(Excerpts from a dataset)
# # # # # # #

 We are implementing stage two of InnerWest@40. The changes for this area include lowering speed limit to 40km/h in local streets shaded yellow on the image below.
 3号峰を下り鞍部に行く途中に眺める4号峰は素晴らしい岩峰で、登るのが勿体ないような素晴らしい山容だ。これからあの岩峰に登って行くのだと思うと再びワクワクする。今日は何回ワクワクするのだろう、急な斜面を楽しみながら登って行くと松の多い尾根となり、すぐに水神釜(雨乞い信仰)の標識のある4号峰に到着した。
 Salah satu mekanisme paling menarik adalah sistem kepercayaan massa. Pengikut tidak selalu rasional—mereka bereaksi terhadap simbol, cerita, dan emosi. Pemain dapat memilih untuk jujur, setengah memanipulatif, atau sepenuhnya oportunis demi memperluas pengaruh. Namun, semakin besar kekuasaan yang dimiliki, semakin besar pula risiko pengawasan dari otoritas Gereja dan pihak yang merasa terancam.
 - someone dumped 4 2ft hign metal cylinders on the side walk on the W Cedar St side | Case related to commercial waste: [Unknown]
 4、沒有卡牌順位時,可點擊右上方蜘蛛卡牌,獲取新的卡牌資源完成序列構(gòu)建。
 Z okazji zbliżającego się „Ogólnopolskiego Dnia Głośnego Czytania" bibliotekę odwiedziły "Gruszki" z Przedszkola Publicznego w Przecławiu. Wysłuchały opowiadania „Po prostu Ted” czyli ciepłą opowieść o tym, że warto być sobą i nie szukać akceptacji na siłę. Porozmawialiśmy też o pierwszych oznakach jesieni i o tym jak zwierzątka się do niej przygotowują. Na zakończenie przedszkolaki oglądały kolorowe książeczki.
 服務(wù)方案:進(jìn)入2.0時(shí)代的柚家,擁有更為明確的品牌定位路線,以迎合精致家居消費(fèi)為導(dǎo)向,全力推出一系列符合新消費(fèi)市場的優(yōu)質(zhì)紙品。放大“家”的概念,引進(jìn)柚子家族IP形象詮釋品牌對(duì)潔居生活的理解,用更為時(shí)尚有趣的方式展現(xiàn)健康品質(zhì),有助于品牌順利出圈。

# # # # # # #

◆ Activity ◆
Would you please copy out every line of the data exactly?

◆ Reply to the task ◆
 We are implementing stage two of InnerWest@40. The changes for this area include lowering speed limit to 40km/h in local streets shaded yellow on the image below.
 3号峰を下り鞍部に行く途中に眺める4号峰は素晴らしい岩峰で、登るのが勿体ないような素晴らしい山容だ。これからあの岩峰に登って行くのだと思うと再びワクワクする。今日は何回ワクワクするのだろう、急な斜面を楽しみながら登って行くと松の多い尾根となり、すぐに水神釜(雨乞い信仰)の標識のある4号峰に到着した。
 Salah satu mekanisme paling menarik adalah sistem kepercayaan massa. Pengikut tidak selalu rasional—mereka bereaksi terhadap simbol, cerita, dan emosi. Pemain dapat memilih untuk jujur, setengah memanipulatif, atau sepenuhnya oportunis demi memperluas pengaruh. Namun, semakin besar kekuasaan yang dimiliki, semakin besar pula risiko pengawasan dari otoritas Gereja dan pihak yang merasa terancam.
 - someone dumped 4 2ft hign metal cylinders on the side walk on the W Cedar St side | Case related to commercial waste: [Unknown]
 4、沒有卡牌順位時,可點擊右上方蜘蛛卡牌,獲取新的卡牌資源完成序列構(gòu)建。
 Z okazji zbliżającego się „Ogólnopolskiego Dnia Głośnego Czytania" bibliotekę odwiedziły "Gruszki" z Przedszkola Publicznego w Przecławiu. Wysłuchały opowiadania „Po prostu Ted” czyli ciepłą opowieść o tym, że warto być sobą i nie szukać akceptacji na siłę. Porozmawialiśmy też o pierwszych oznakach jesieni i o tym jak zwierzątka się do niej przygotowują. Na zakończenie przedszkolaki oglądały kolorowe książeczki.
 服務(wù)方案:進(jìn)入2.0時(shí)代的柚家,擁有更為明確的品牌定位路線,以迎合精致家居消費(fèi)為導(dǎo)向,全力推出一系列符合新消費(fèi)市場的優(yōu)質(zhì)紙品。放大“家”的概念,引進(jìn)柚子家族IP形象詮釋品牌對(duì)潔居生活的理解,用更為時(shí)尚有趣的方式展現(xiàn)健康品質(zhì),有助于品牌順利出圈。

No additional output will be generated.